Longest Increasing Subsequence (LIS) is a fundamental problem in combinatorics and computer science. Previously, there have been numerous works on both upper bounds and lower bounds of the time complexity of computing and approximating LIS, yet only a few on the equally important space complexity. In this paper, we further study the space complexity of computing and approximating LIS in various models. Specifically, we prove non-trivial space lower bounds in the following two models: (1) the adaptive query-once model or read-once branching programs, and (2) the streaming model where the order of streaming is different from the natural order.
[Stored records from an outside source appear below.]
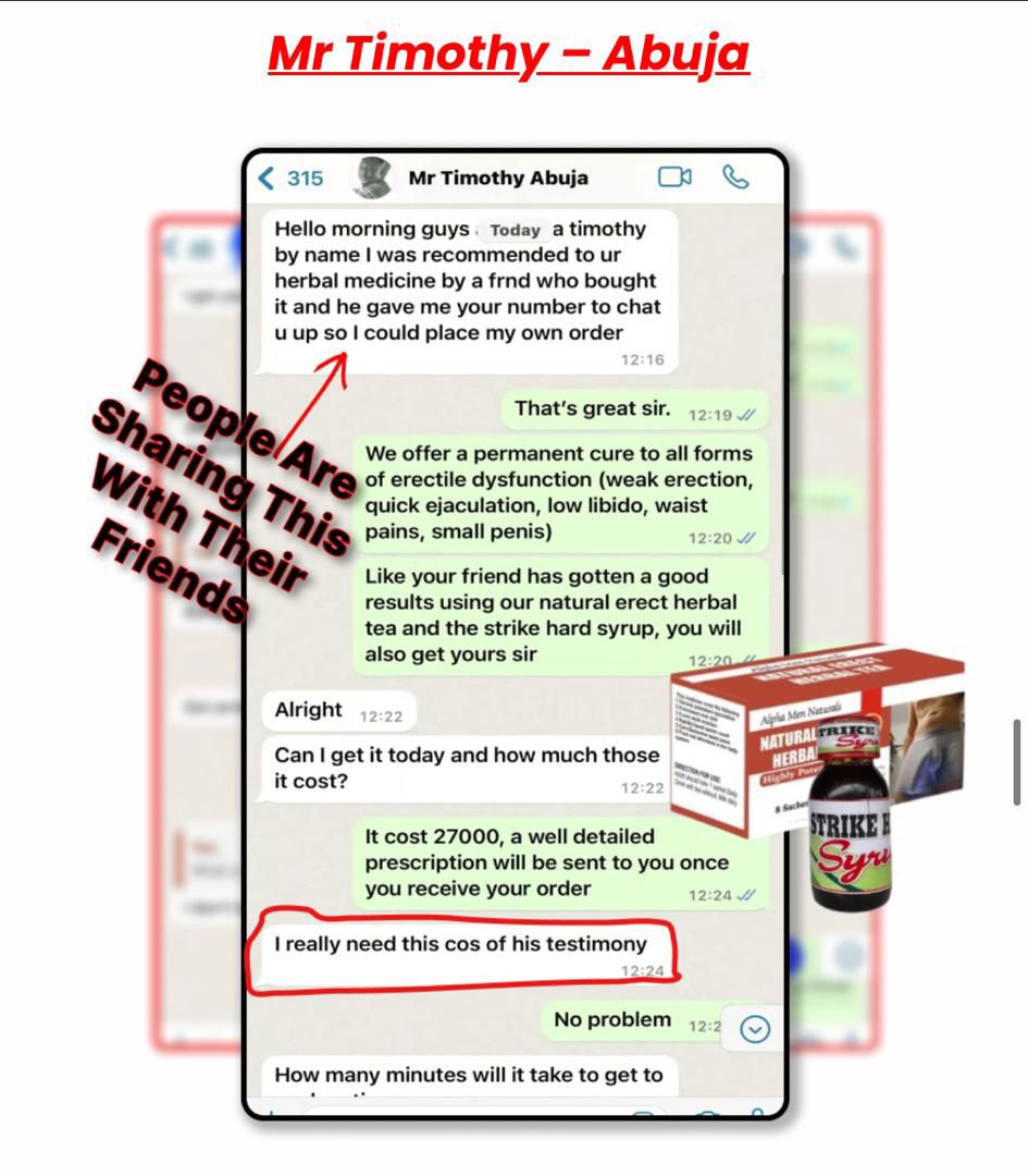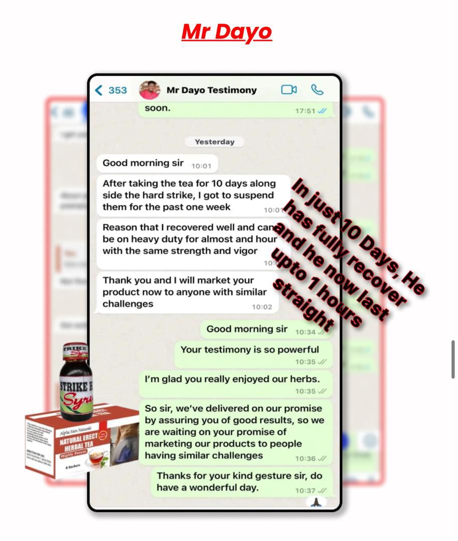 THAT MEANS, IF YOU ORDER RIGHT NOW, You will get THIS Ancient Natural Erect Heal Tea And Strike Hard syrup FOR A very Affordable PRICE OF just N30,000 For The Full Treatment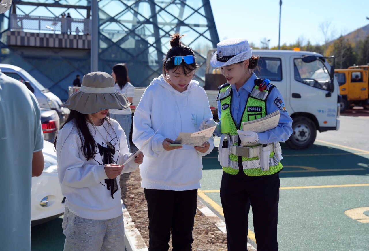 10月2日,池北区西出入城口的晨雾渐渐散去,长白山公安局池北交巡警大队民警辅警们便忙碌了起来。这里是G331公路的重要节点,民警们在摆放好宣传展板后,主动走向一辆辆途经的车辆。一句句“欢迎来到长白山”的亲切问候,伴随着递上的印有安全提示的矿泉水,和那句必不可少的暖心提醒:“前方山路多弯,请您减速慢行,祝您旅途愉快!”如同秋日里的暖阳,洒进了南来北往游客的心中。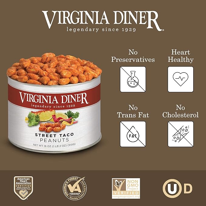 Virginia Diner Flavored Peanuts: Gourmet Street Taco Seasoning, Virginia Nuts, 18 Ounce Tin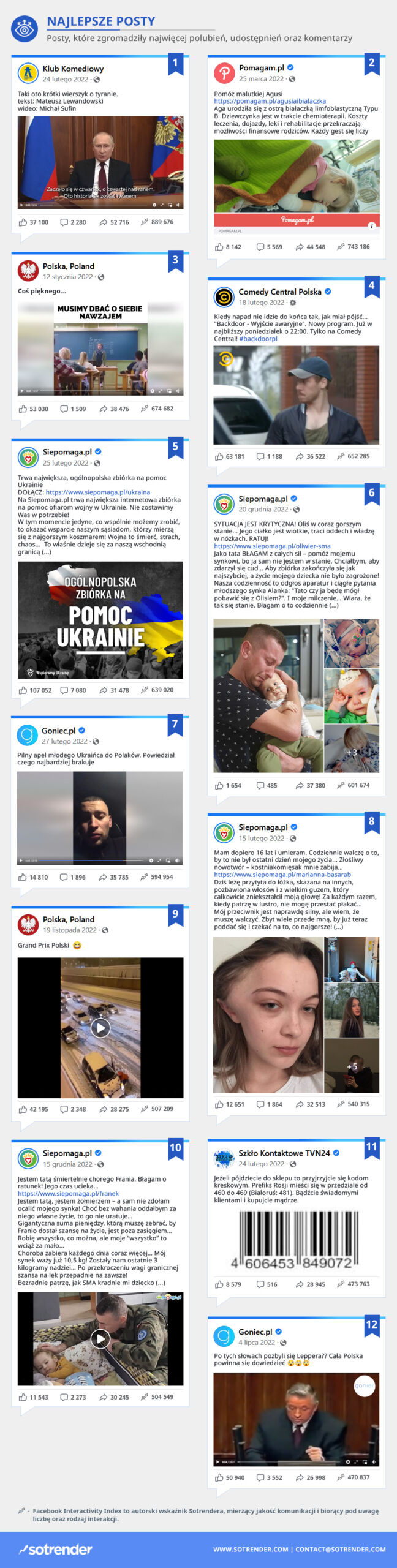 Najlepszym postem roku, który był bezpośrednim odwołaniem do wydarzeń w Ukrainie, był lutowy post Klubu Komediowego. Wojna w Ukrainie była niewątpliwie jednym z ważniejszych wydarzeń minionego roku – co ma odzwierciedlenie w postach, które najbardziej angażowały facebookowiczów. Silnie angażujące były także posty ze zbiórkami na rzecz potrzebujących – 4 z 12 najlepszych postów roku należało do profilu Siepomaga.pl. Niespodzianką jest numer 4. w naszym zestawieniu. Tuż za podium znalazł się bowiem post Comedy Central Polska, który był satyryczną zapowiedzią nowego programu “Backdoor – Wyjście awaryjne” i zdobył imponującą aktywność użytkowników.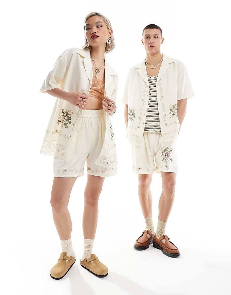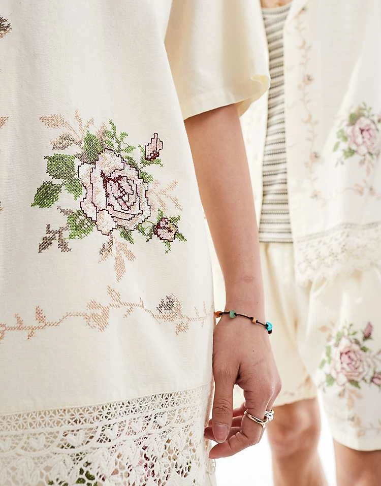 Embroidery Thread: 100% Polyester, Main: 93% Cotton, 7% Linen, Trim: 100% Cotton.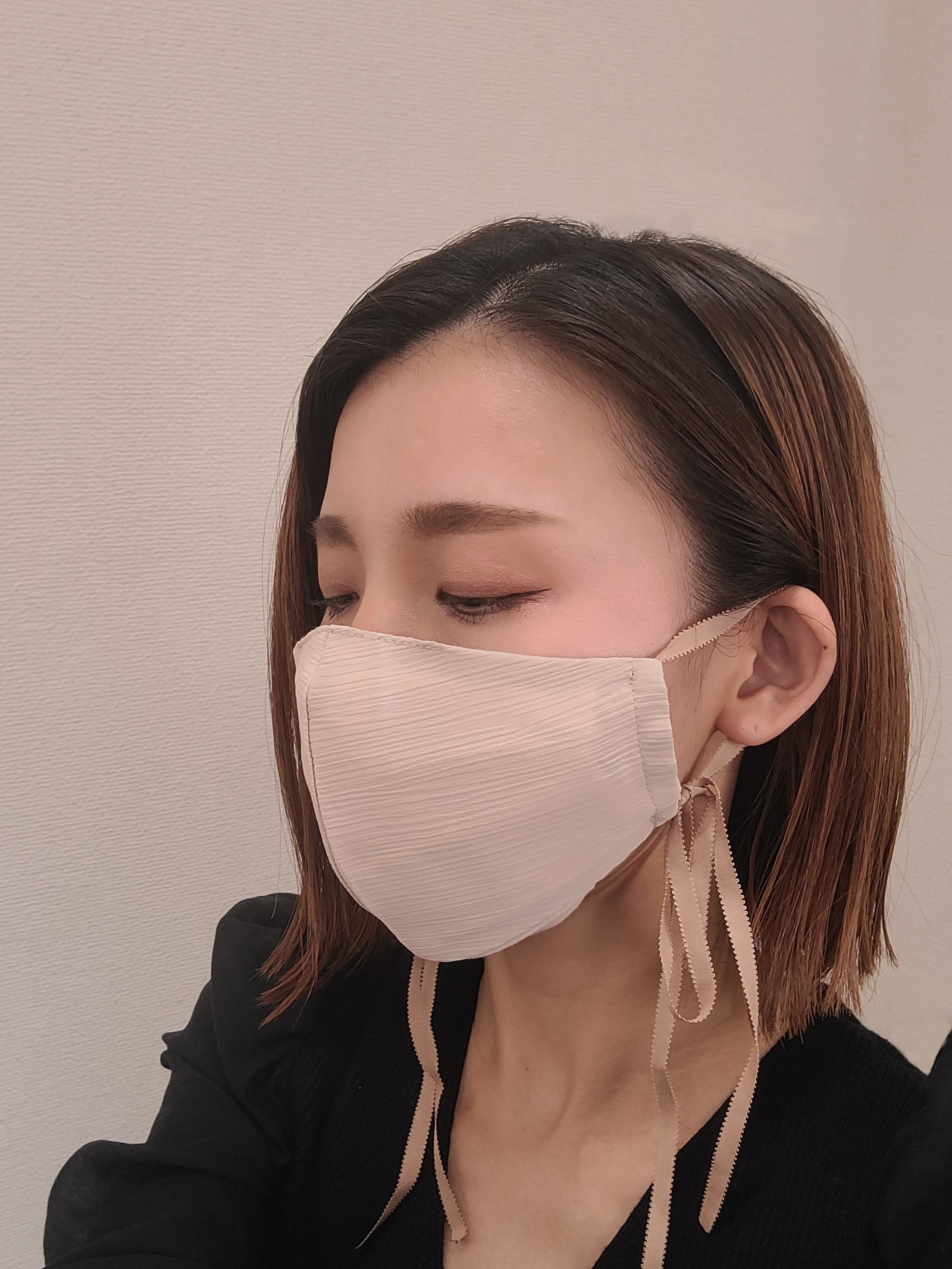 ●頬部分の生地巾を小さくすることで、不織布マスクの大きな印象をすっきりと!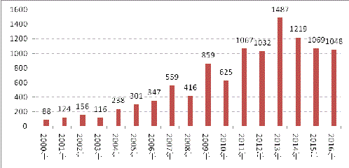 图1 2000-2016年质检科技成果登记数量统计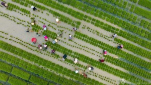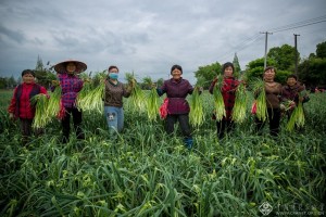 《蒜苔丰收季》(2022年3月21日,四川省成都市温江区永宁镇杏林社区七组)(蒜农们在一片田间采收蒜苔。)作者:叶凡山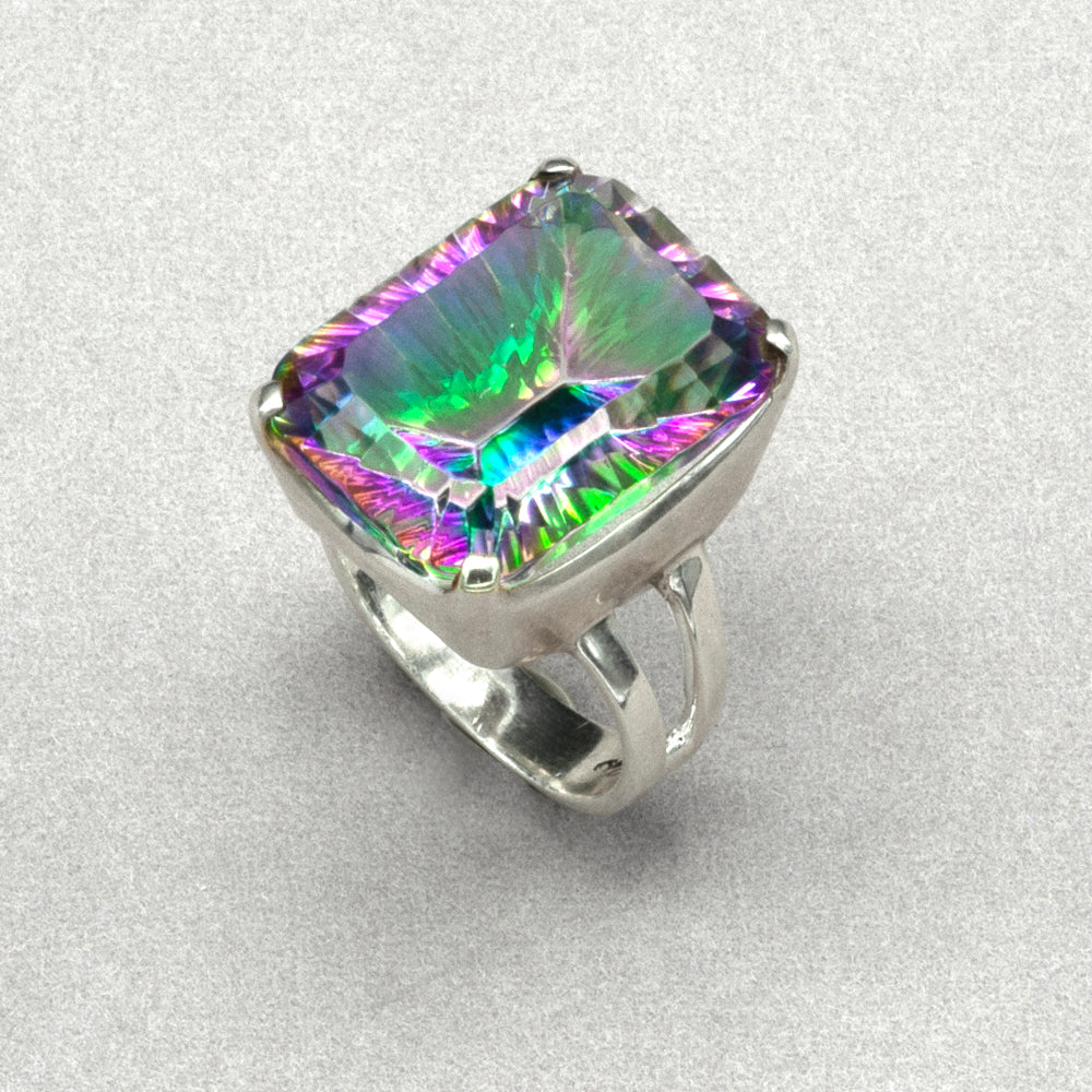 Large emerald cut mystic topaz stone set in sterling silver. Size 7 1/2.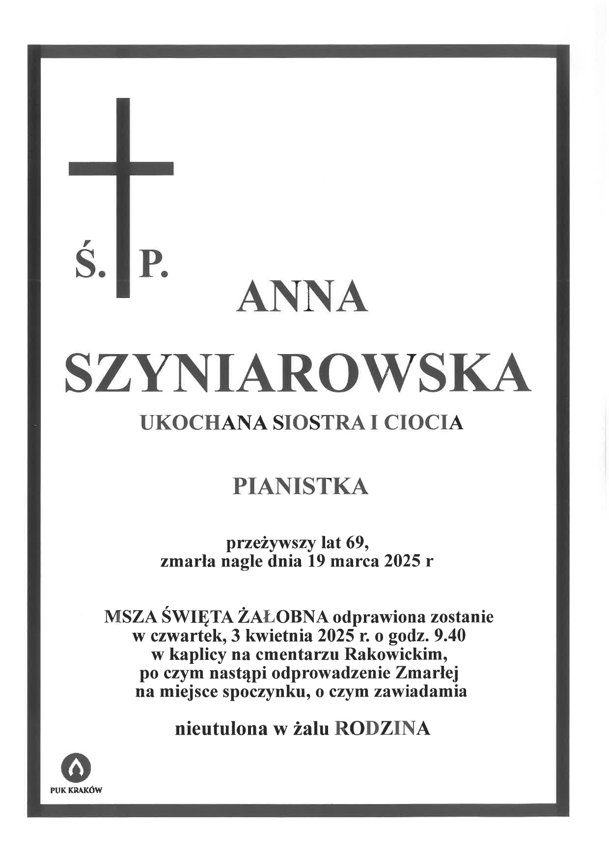 Msza żałobna zostanie odprawiona w czwartek 3 kwietnia 2025 r. o godz. 9.40 w kaplicy na Cmentarzu Rakowickim.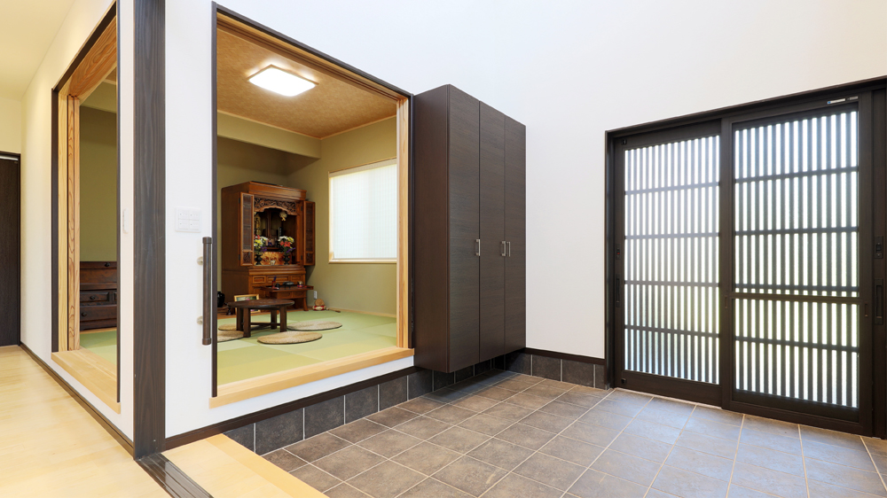 7 お母様を偲ぶお客様が多いため、土間で靴を脱いで、そのまま和室に上がれる設計に。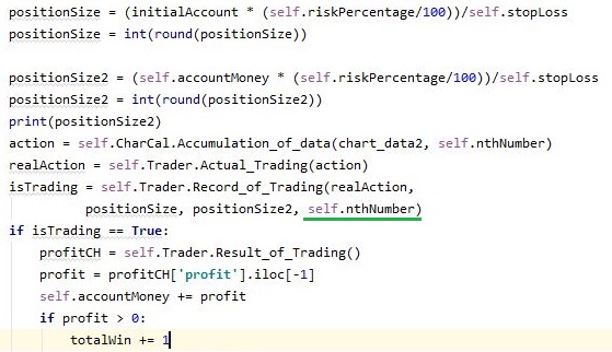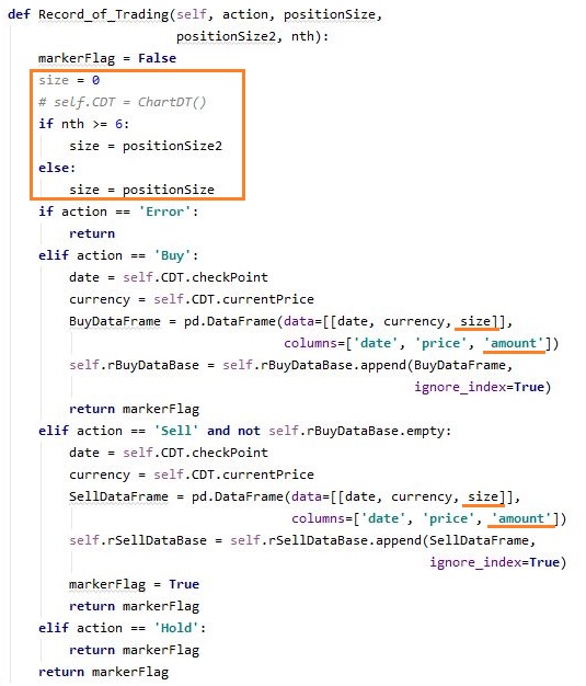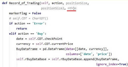그래서 이렇게 하는 것으로 이제 nth가 면번째인가를 확인해서 position size가 1번인지 2번인지 측정을 하도록 합니다. 그리고 나서 이 데이터를 매수/매도할 경우에 반영하도록 합니다.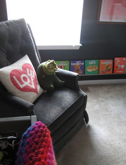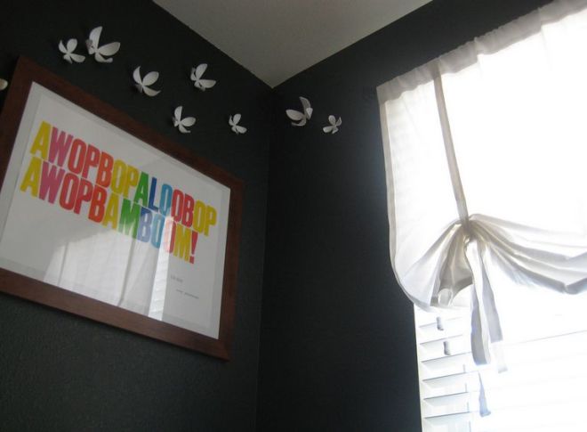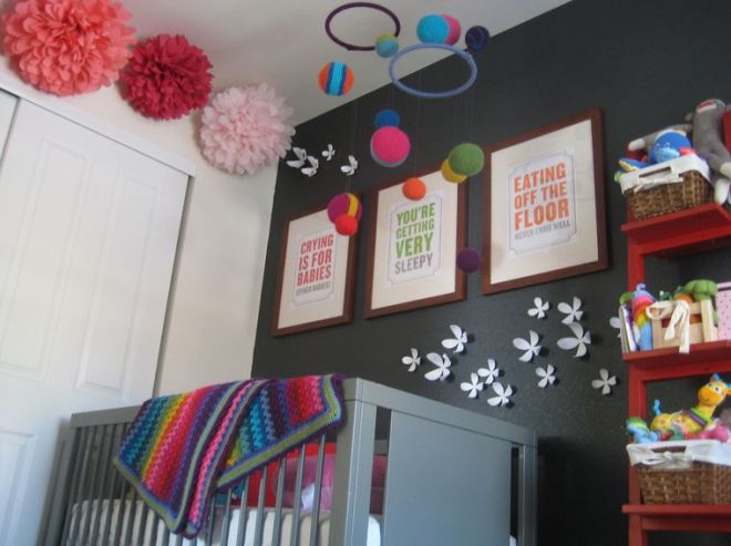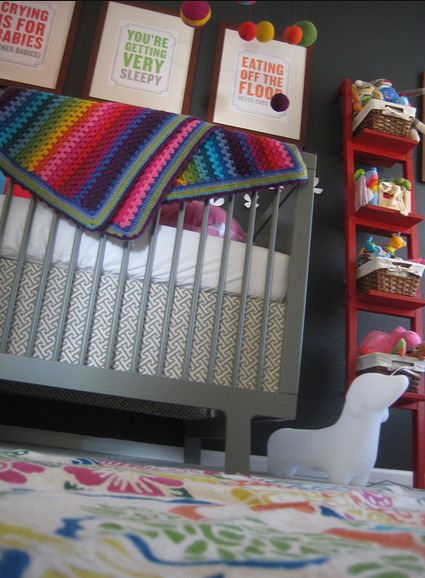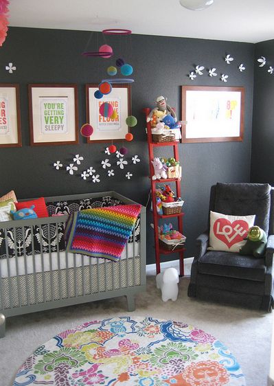 PEDIG… Íme egy szerintem fantasztikus példa arra, hogy mennyire vidám, barátságos és meghitt környezetet lehet teremteni a fekete használatával is. Engem teljesen lenyűgözött ez a szoba, amelyet a texasi Michele Watson álmodott meg és váltott valóra kisbabája számára. A takarókat és a színes labdás függőt ő maga készítette, meg is lehet vásárolni ezeket a boltjában.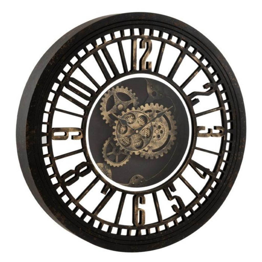 Informations Techniques : Dimensions : L. 60,5 x l. 8,5 x H. 60,5 cm Matière : Métal Spécificités : Tendance & Moderne Horloge Murale Forme Ronde Mécanisme apparent Avec Miroir Style Antique Facile d'entretien & d'utilisation Poids : 4,34 kg Couleur : Noir & Or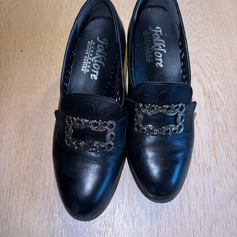 Skoene er godt brukt, og derfor noe slitt. De kan fint brukes som de er, eller repareres da det er skinnsko.

As far as we know, there are no previous works on the space complexity of LIS in these models. Besides the bounds, our work also leaves many intriguing open problems.

翻译：最长递增子序列（LIS）是组合数学与计算机科学中的基础问题。此前，已有大量工作研究计算与近似LIS的时间复杂度上界与下界，但仅有少数工作关注同样重要的空间复杂度。本文将进一步研究多种模型下计算与近似LIS的空间复杂度。具体而言，我们在以下两个模型中证明了非平凡的空间下界：（1）自适应单次查询模型或只读分支程序，以及（2）流顺序与自然顺序不同的流模型。据我们所知，此前尚无关于LIS在这些模型中空间复杂度的工作。除界限外，我们的工作还遗留了许多引人入胜的开放问题。